Только незачем им ехать на Дарвазу. Путь «дальнобойщиков» из Дарвазы! Мимо «Золотого моста»…

Про «Золотой мост» через сбросовый оросительный канал в двадцати километрах от Дарвазы, где находился пост ГАИ, ходили легенды. Поговаривали, будто «дальнобойщики» редко переезжали его по одному, а собирались пять-шесть машин к ночи поближе, вручали кому-то из гаишников пятьсот — шестьсот рублей, и тот «проводил» караван по мосту. Неизвестно только — кто давал и кто брал.

Так ли было или иначе — самому Туре не было случая в этом убедиться. Да и никогда не относилось взяточничество к линии уголовного розыска. Не наше это дело, как говорится…

«Дальнобойщики» не ходят на легковых. Невыгодно. Нет, не левые фрукты возили по беспутью мимо Урчашмы.

Похоже, что человек, поперший на «Волге» через степь вместо дороги Урчашма — Дарваза, имел все-таки отношение к тому, чем занимается Халматов…

— Вода, — сказал Алик еще обиженным голосом, но не обратить внимания Халматова на мираж было выше его сил: — Вода — обман…

На самом солнцепеке впереди появились чистые, чуть зеленоватые лужи. Дальше переливалась обширная лагуна. Вода текла по асфальту. Идущие впереди машины плыли, отражаясь длинными продолговатыми тенями в воде.
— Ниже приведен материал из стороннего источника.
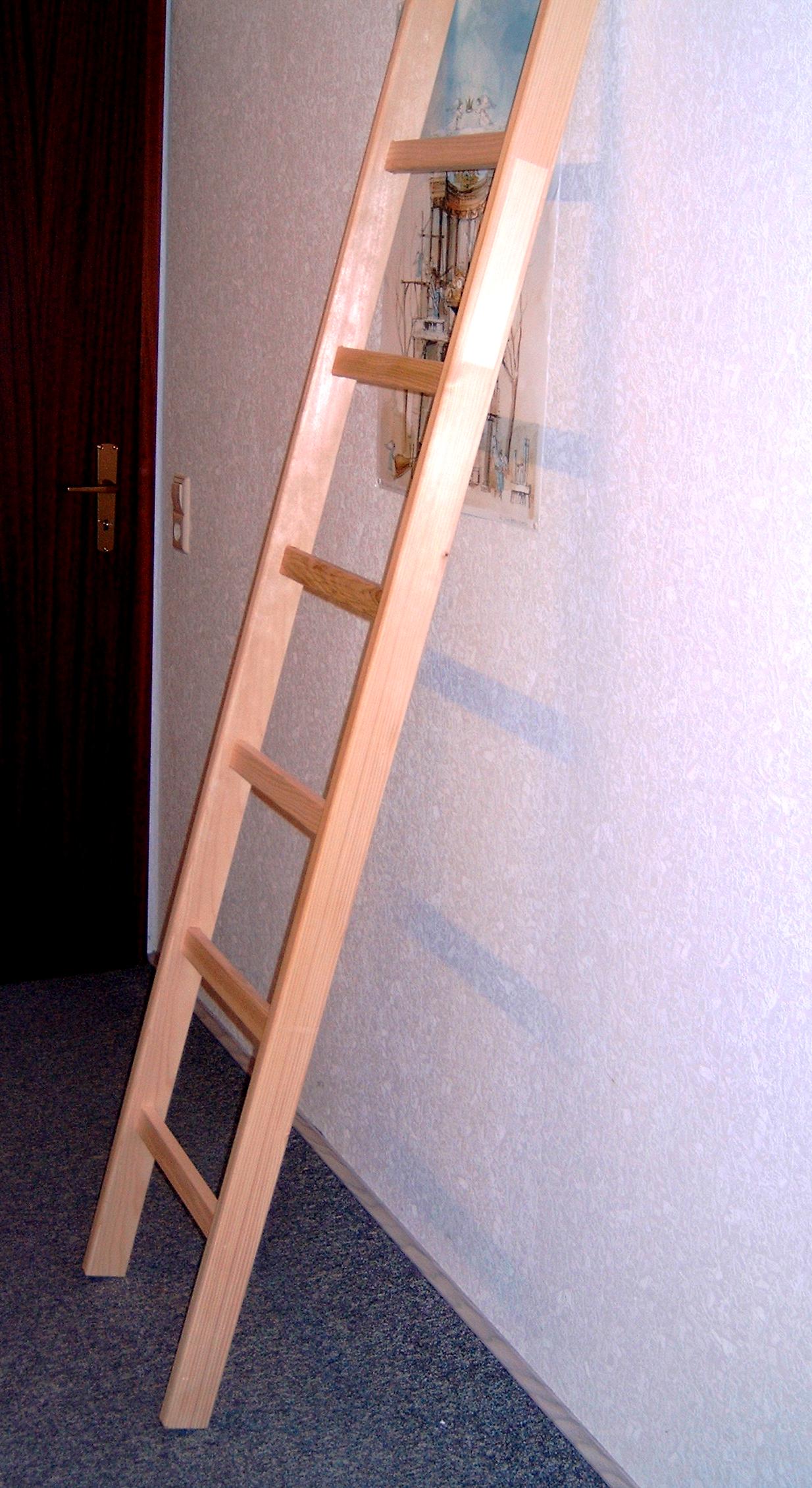 Holzleiter mit Holme aus astfreiem Nadelholz 65 x 25 mm und Sprossen aus Esche 43 x 20 mm. Außenbreite 41,5 cm. Sprossen verdeckt verzapt mit den Holmen, sauber geschliffen und einzeln verpackt. Das unbehandelte Holz eignet sich für verschiedene Oberflächenbehandlungen.

Вместо брызг из-под колес вырывались ослепительные блики.

Ехали быстро. Вот-вот должен был появиться Седьмой магистральный канал, а там до «Чиройли» было уже рукой подать. А конца-края зеленому заливу несуществующего потопа было не видать. По мере приближения вода впереди отступала, они никак не могли ее настичь.

«… Что могло привести Пака в „Чиройли“? Я точно знаю, что это кафе никогда у нас не фигурировало…»

Халматов думал как розыскник. Он по-другому и думать-то не умел.

«… Явка, подскок на задержание, контрольная встреча, свиданка „накоротке“ — пошептаться или кого-то пугануть. Больше ему там нечего было делать. Но тогда бы я знал об этом». Пак был его заместителем, одним из его сотрудников, таким, как он сам, Тура, как другие, кто подписался жить странной этой жизнью и был специально подготовлен к ней и обучен.

И тут Тура вдруг впервые подумал о Большом Корейце — огромном молодом мужике, безнадежно смелом и бесконечно хитром, в которого, разорвав кровеносные сосуды, нервы и мышцы, всадили несколько часов назад заряд свинца.

— О-о-о!.. — вырвалось у него громко. — О-у-о!..

И стон этот был страшен, как хрип подраненного тигра.

— Вам плохо, устоз? — обернулся к нем Алик, на сердце у которого было легко: всеми правдами и неправдами он решил сохранить новый двигатель, ни в коем случае не отдавать Мубекирмонтажу.

— Давай-давай, — очнувшись от воспоминаний о Паке, как от обморока, сказал Тура. — Гони во всю мочь…

Сообщение о стрельбе в «Чиройли» поступило одновременно двум райотделам, граничащим вдоль автомобильной дороги. Третье, чуть запоздав, попало в райотдел соседней области, граница с которой проходила неподалеку. Поэтому на месте происшествия оказались сразу несколько оперативных групп и столько же машин «скорой помощи».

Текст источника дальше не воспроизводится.